(updated question from 'static replace' to 'dynamic replace')
<data>
<replacements>
<replace key="greeting" value='Hello' />
<replace key="name" value='Donald' />
</replacements>
<rules>
<rule key="GREETING" value="replacements/replace[@key='greeting']/@value" />
<rule key="NAME" value="replacements/replace[@key='name']/@value" />
</rules>
<text>
GREETING NAME duck.
</text>
</data>
I'd like to replace the text in the element text
with every occurrence of a key in all the rules. The replacement text is the evaluation of the attribute value
in that element.
Which approach should I take (using the newest Saxon HE)?

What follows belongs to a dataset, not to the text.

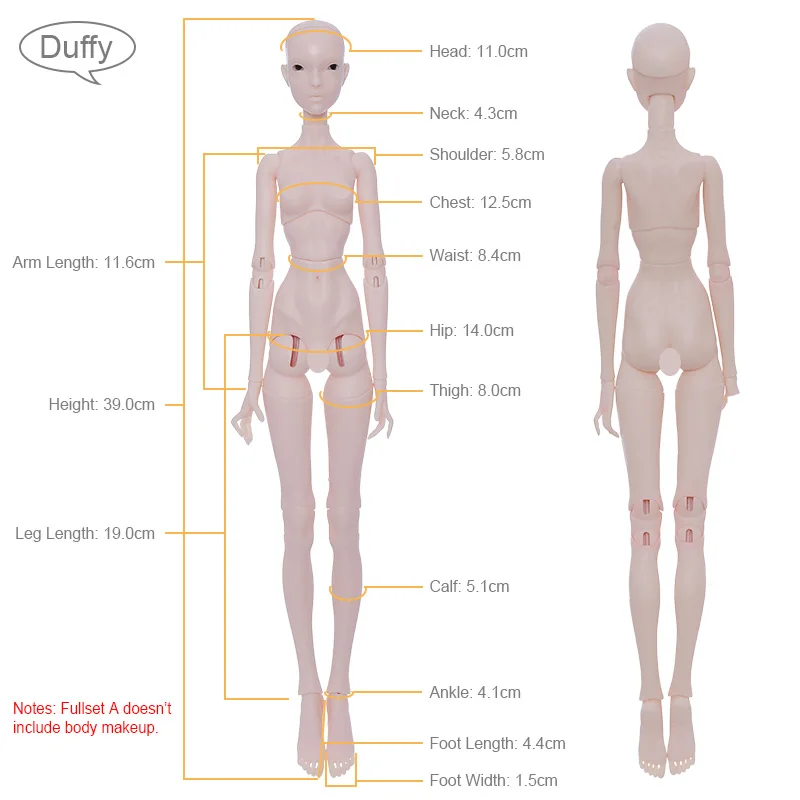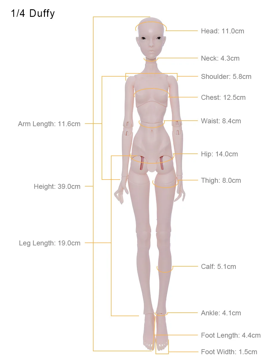 Высота: 39,0 смОкружность головы: 11,0 смОкружность шеи: 4,3 смШирина плеч: 5,8 смОбхват груди: 12,5 смОкружность талии: 8,4 смОбхват бедер: 14,0 смДлина руки: 11,6 смДлина штанины: 19,0 смОкружность бедра: 8,0 смОкружность икры: 5,1 смОкружность лодыжки: 4,1 смШирина стопы: 1,5 смДлина стопы: 4,4 смГлаза: 6 ммPS: из-за измерения вручную возможна погрешность в 1-3 см, надеемся на понимание!

The result of the text should be “Hello Donald duck.”
Addition:
I think part of the problem can be solved with <xsl:evaluate>
, but this is obviously not working yet (no string replacements):
<xsl:stylesheet xmlns:xsl="http://www.w3.org/1999/XSL/Transform" version="3.0" >
<xsl:output indent="yes"/>
<xsl:template match="data">
<xsl:copy>
<xsl:evaluate xpath="/data/rules/rule[1]/@value" context-item="." />
</xsl:copy>
</xsl:template>
</xsl:stylesheet>
The result is <data value="Hello"/>
. What I see is the dynamic evaluation of the xpath expression, and from there it should be possible to do the string replacement.
Now my step would be to add my approach to Martin's answer, but this would be mixing XSLT in XPath, which does not work that way I want.